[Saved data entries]
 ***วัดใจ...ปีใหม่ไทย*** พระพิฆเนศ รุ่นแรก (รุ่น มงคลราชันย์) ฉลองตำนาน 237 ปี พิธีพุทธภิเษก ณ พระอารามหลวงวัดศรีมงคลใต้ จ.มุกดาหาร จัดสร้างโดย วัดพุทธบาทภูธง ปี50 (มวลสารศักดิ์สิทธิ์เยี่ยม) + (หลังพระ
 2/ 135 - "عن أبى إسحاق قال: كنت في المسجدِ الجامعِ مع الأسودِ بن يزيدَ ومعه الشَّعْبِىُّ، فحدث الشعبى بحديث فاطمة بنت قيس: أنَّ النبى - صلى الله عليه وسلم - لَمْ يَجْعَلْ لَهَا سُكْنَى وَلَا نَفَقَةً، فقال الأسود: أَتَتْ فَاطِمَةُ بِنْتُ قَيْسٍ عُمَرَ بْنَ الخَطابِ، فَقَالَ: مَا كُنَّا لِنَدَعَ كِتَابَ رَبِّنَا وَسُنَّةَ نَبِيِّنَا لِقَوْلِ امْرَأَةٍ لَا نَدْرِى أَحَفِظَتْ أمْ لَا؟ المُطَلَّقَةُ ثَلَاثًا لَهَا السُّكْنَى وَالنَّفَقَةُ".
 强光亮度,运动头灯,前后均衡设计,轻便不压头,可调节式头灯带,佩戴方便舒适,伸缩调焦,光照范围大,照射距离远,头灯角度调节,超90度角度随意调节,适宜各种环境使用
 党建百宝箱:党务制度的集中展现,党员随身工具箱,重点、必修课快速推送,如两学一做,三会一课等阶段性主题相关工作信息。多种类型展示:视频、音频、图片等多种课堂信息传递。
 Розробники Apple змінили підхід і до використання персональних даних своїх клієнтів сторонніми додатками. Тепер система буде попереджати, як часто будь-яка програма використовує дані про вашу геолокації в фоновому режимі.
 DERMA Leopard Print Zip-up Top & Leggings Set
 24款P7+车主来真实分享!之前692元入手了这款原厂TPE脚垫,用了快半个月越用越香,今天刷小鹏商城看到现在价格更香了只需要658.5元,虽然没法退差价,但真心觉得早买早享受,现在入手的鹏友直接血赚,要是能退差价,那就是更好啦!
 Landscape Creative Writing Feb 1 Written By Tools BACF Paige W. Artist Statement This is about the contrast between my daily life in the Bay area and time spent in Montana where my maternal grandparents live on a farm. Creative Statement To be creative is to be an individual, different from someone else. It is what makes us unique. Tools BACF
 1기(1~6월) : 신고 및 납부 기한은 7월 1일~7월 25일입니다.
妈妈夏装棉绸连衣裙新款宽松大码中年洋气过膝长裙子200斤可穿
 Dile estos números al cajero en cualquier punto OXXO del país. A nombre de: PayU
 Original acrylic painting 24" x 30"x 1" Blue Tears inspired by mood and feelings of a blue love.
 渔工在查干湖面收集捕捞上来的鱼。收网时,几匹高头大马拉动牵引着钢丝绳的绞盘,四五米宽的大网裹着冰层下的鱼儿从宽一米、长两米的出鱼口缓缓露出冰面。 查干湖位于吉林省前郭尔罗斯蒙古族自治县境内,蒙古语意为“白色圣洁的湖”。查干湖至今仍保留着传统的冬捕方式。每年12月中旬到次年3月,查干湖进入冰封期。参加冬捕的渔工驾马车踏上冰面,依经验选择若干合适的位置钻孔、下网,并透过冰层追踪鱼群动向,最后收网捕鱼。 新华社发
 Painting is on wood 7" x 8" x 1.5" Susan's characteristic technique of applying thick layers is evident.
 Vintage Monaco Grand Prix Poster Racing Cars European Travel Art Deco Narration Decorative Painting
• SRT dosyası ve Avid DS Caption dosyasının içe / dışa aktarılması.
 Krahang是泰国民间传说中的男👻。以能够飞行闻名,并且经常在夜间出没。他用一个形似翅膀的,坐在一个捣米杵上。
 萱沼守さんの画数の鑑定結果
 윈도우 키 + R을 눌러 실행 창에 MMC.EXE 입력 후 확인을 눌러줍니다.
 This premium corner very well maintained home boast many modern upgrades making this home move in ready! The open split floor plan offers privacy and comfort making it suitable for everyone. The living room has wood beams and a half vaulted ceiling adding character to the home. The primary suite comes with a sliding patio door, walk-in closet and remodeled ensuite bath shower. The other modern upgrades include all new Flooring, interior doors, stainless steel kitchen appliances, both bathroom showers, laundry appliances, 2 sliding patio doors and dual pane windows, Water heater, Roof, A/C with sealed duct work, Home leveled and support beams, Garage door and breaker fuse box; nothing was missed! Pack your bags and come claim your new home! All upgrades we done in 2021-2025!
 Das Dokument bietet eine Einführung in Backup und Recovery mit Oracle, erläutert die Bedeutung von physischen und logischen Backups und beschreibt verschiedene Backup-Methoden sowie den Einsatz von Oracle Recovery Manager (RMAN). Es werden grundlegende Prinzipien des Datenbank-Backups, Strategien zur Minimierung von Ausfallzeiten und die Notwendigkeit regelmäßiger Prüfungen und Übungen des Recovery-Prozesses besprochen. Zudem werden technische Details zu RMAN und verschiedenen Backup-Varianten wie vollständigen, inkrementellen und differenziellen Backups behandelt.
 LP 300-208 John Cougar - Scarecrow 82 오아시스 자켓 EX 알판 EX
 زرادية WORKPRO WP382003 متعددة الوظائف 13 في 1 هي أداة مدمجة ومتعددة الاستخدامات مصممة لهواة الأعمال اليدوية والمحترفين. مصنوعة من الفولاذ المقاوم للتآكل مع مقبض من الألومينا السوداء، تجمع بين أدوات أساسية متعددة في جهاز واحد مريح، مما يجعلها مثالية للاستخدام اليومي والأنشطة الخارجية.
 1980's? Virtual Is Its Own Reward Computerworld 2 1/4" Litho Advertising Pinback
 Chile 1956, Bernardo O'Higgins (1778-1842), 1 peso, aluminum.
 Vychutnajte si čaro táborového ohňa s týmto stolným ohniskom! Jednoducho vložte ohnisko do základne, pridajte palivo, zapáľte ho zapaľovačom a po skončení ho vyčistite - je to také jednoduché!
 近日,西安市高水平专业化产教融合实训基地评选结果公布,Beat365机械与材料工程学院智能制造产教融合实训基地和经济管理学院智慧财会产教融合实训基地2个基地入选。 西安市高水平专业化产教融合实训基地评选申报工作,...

## What is being asked
Each line of the entries that contains the word "wood" should be listed.

## Response
 Painting is on wood 7" x 8" x 1.5" Susan's characteristic technique of applying thick layers is evident.
 This premium corner very well maintained home boast many modern upgrades making this home move in ready! The open split floor plan offers privacy and comfort making it suitable for everyone. The living room has wood beams and a half vaulted ceiling adding character to the home. The primary suite comes with a sliding patio door, walk-in closet and remodeled ensuite bath shower. The other modern upgrades include all new Flooring, interior doors, stainless steel kitchen appliances, both bathroom showers, laundry appliances, 2 sliding patio doors and dual pane windows, Water heater, Roof, A/C with sealed duct work, Home leveled and support beams, Garage door and breaker fuse box; nothing was missed! Pack your bags and come claim your new home! All upgrades we done in 2021-2025!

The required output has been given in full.